From a user perspective, "failing intermittently in some strange and
unpredictable way" is definitely worse than a hypervisor crash. :-)

My concern is that someone will start using guests which use the altp2m
interface internally, and that will all work; and then maybe separately
they will start doing some sort of memory sharing between guests, and
that will all work; and then at some point they'll do memory sharing on
a guest using the altp2m functionality internally, and suddenly they'll
get strange intermittent errors where things don't behave the way they
expect and they don't know why.  A hypervisor crash that tells them
exactly what code has the problem is definitely preferable.

>> The code as it is in the tree right now was intended to allow both
>> sharing and altp2m to be enabled on the same domain, just not over the
>> same gfn range.  And it was intended to be robust -- that is, the
>> sharing code and the altp2m code don't need to be aware of each other
>> and try not to step on each other's toes; each can just do its own thing
>> and Xen will make sure that nothing bad happens (by preventing pages
>> with an altp2m entry from being shared, and unsharing pages for which an
>> altp2m entry is created).
>>
>> It sounds like that's broken right now; it should therefore be fixed.
>> When it is fixed, you'll be able to use both altp2m and sharing on the
>> same domain; Xen will simply prevent sharing from happening on gfn
>> ranges with altp2m entries.
> 
> No, that's incorrect, it's the other way around. If you were to try to
> share pages for which you have altp2m entries it will happily oblige.
> It will just fail to do the altp2m actions for entries of shared
> entries (copying the mapping to the altp2m view, mem_access, etc).

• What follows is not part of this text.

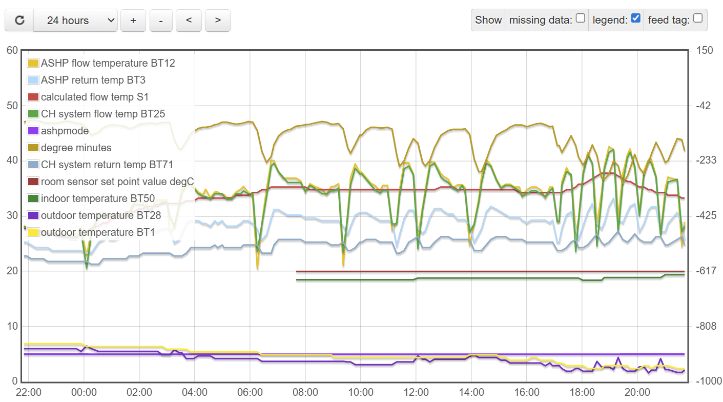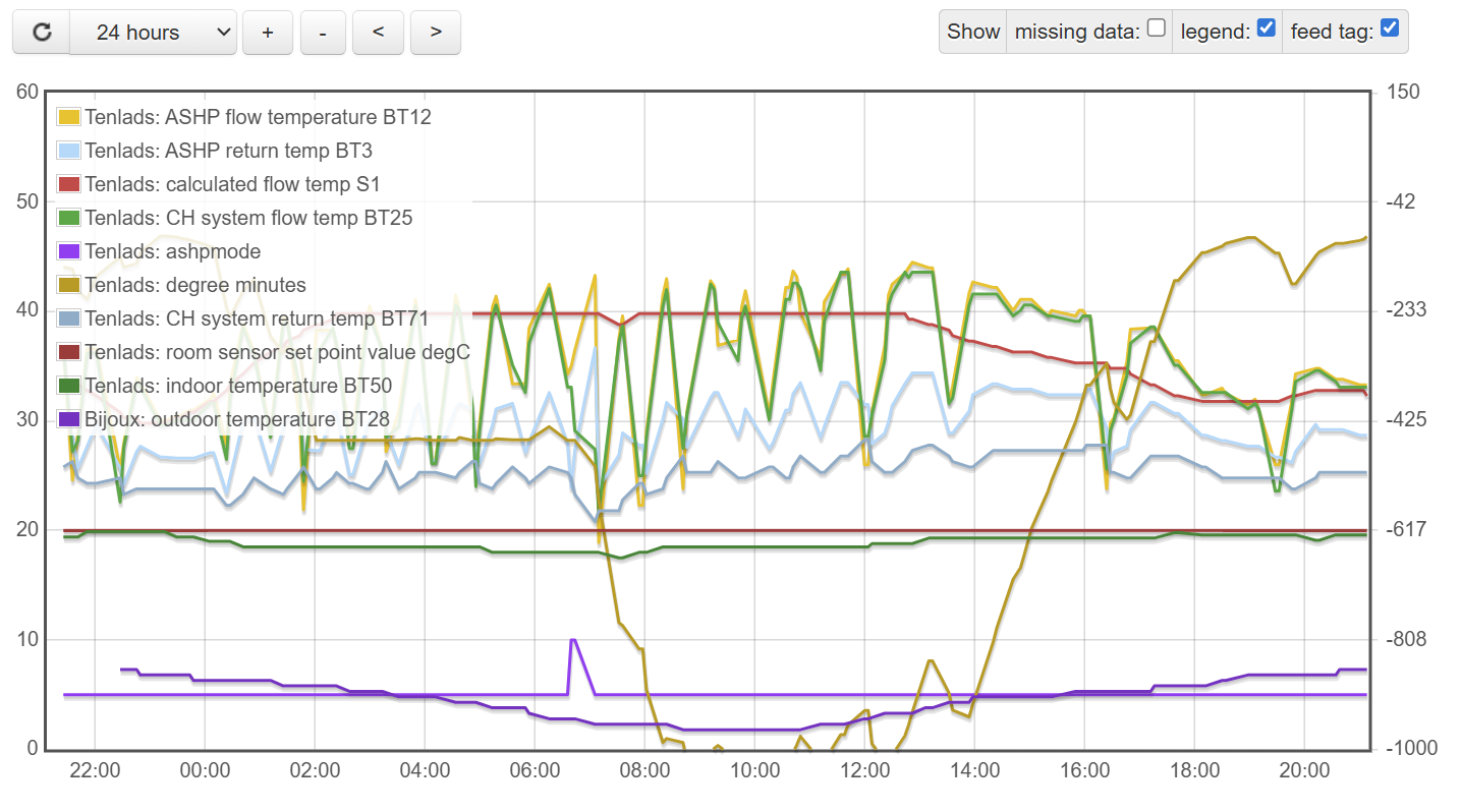 @tenlads: This would be a good graph to review with your Installer. If things don’t improve with slightly warmer weather during the daytime you might want to temporarily reduce the indoor target temperature a degree or so, to stop it trying quite so hard and attempting 40C flow. You could also consider using the immersion heater on the DHW tank so the heatpump can focus on the central heating instead.

It's quite possible I missed something, but that's not how I read the
code.  Before sharing a page you have to have to call
mem_sharing_nominate_page(), which calls page_make_sharable().
page_make_sharable() will make sure that it has exactly the expected
number of references; which for gfns is 2 and for grant references is 4.

When you map an mfn into an altp2m of a different gfn, you'll increase
the reference count.  So it appears to me that if you attempt to share a
page which is mapped in an altp2m, then the nominate operation will fail
(with -E2BIG, of all things).

Am I mistaken about that?

(BTB this would probably still be the case even after your patch.)

Also, as far as I can tell, "It will just fail to do the altp2m actions
for entries of shared entries" is not true; instead, the page will be
un-shared and the altp2m action will then take place.  Is this not the case?

>> An even bigger improvement would be to allow the same gfns to be subject
>> both to altp2m and sharing at the same time.  But this requires thinking
>> carefully about all the corner cases and making sure that they all work
>> correctly.
> 
> And this is exactly what this patch allows you to do. An entry can now
> be both shared, get properly copied to altp2m views, allow setting
> mem_access in altp2m views, etc. The only situation you have to take
> core of is when the type of the entry changes from shared to unshared
> as that resets the altp2m views.

I described another situation you have to be careful of in an earlier
e-mail:
- host gfn A is marked "shared"
- altp2m gfn O is mapped to gfn A (thus also marked as 'shared')
- Guest writes to gfn O, Xen attempts to unshare the page.

In this circumstance, the fault will ends up in
__mem_sharing_unshare_page(), which will calls rmap_retrieve(d, O, mA).
This returns NULL because gfn O was never put in the reverse map, and
you BUG().

Again, am I misreading what would happen?

I'm pretty sure if I went looking I could find some more situations you
need to avoid to prevent problems.

So the next big missing piece of information in this discussion is
exactly what you do need from this system.  You're using altp2m and
mem_sharing (and mem_access) on the same domain, that's obvious.  Which
features of altp2m are you using -- are you mainly using the mem_access
changes, or are you also using the gfn mapping functionality?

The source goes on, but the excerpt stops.